Monday, October 03, 2005
It's over for good. I've taken it three times, and this time was the last time. This time, I reviewed all the concepts until problems danced in my sleep. This time, I took the test over and over and over. This time, I let myself believe that i could overcome the panic and the pressure. This time, I did it for myself, because maybe I still won't get a high enough score, or into a good law school, or into a place I can afford, or that makes itself affordable. This time, I may turn around and take an academic job in Texas, or Boston, or California. This time, it could be that I simply wanted to prove the LSAT wrong in its assertion that you don't improve much, or that standardized tests are true measures of aptitude.

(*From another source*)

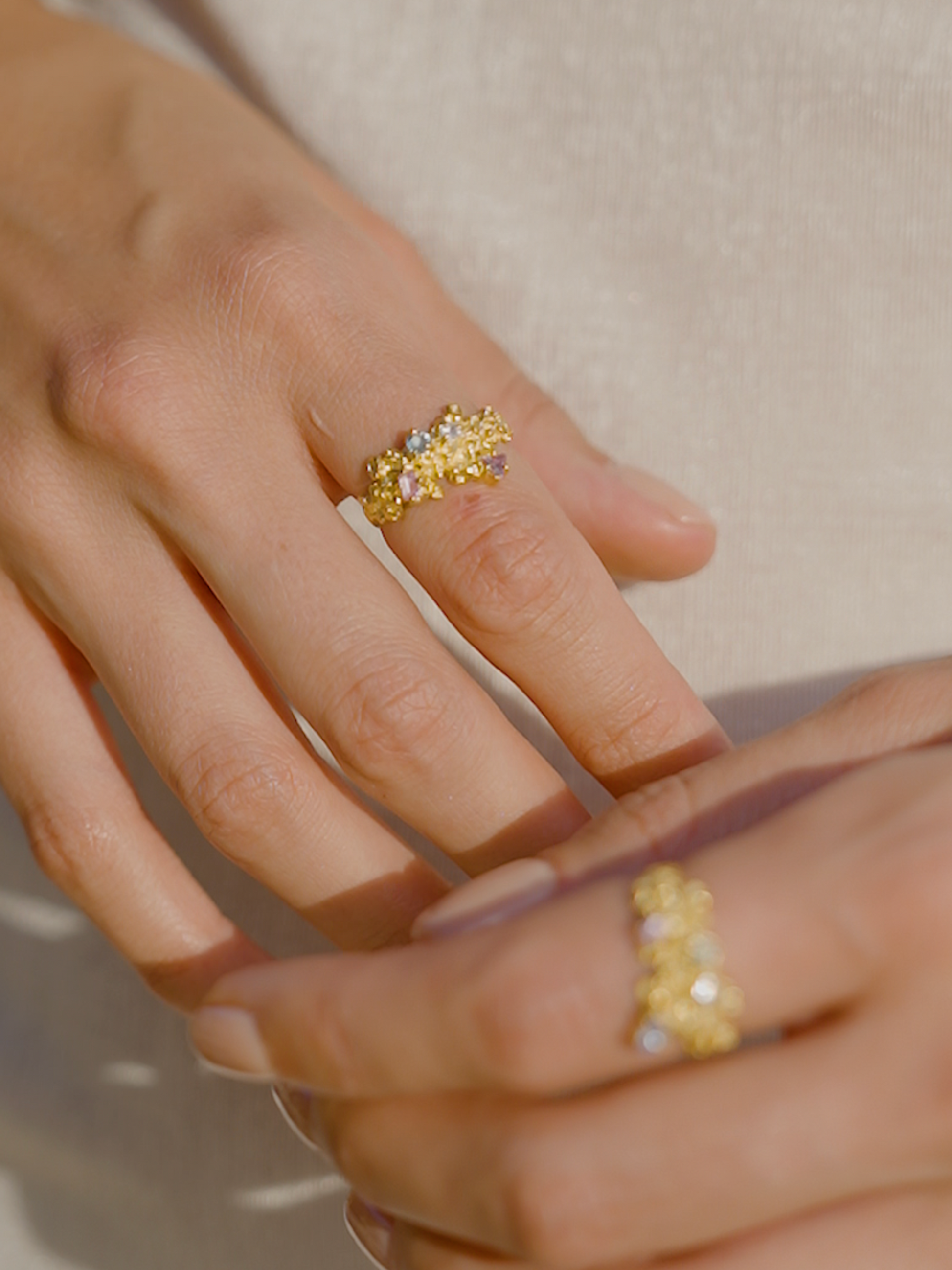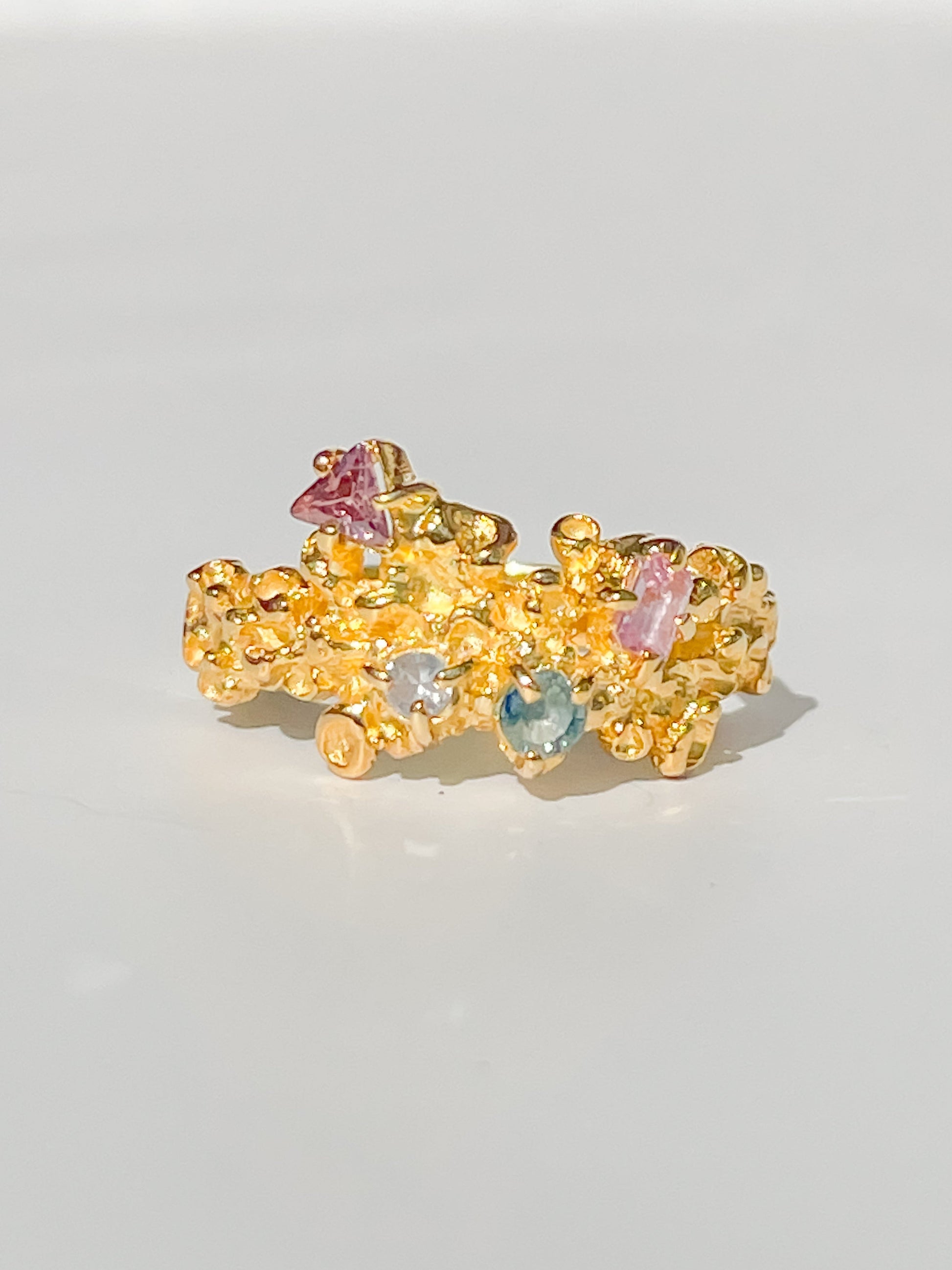 Coral Ring Gold #18 with candy coloured Sapphires - size 7

So I chewed cinnamon gum like a madwoman, checked my timer every few minutes, attacked the end of sections strategically, guessed "D" for the Logic Games questions I didn't have time for and "E" for Logical Reasoning questions I was unsure about. I chewed my roast beef sandwich thoughtfully at the break (no brain-deadening carbs for me) and tried to muster enthusiasm for the writing sample. I tried to use having badly to pee as a concentration tool. I bought cigarettes on the drive home, and let myself have only one.
I like this test. I'm sad it's over. I feel if I had one more try, I could do even better. I'm reluctant to stop doing an afternoon section or two just for fun.
Yesterday gf and I sat in a lesbian bar all afternoon long. We drank and watched the White Sox beat Cleveland. Today we hung around the house. Tomorrow I have to start writing a job letter for academic jobs. I have to schedule an interview at the law school where I want to apply early decision, and begin strategizing my personal statement. I have to turn my cv into a resume so I can pay bills when the unemployment runs out. I have to imagine many outcomes, many victories, many incremental improvements.
But right now, I'm still savoring the end of the LSAT, forever. And I'm actually sorry it's over. But the beer--the beer tastes really, really good.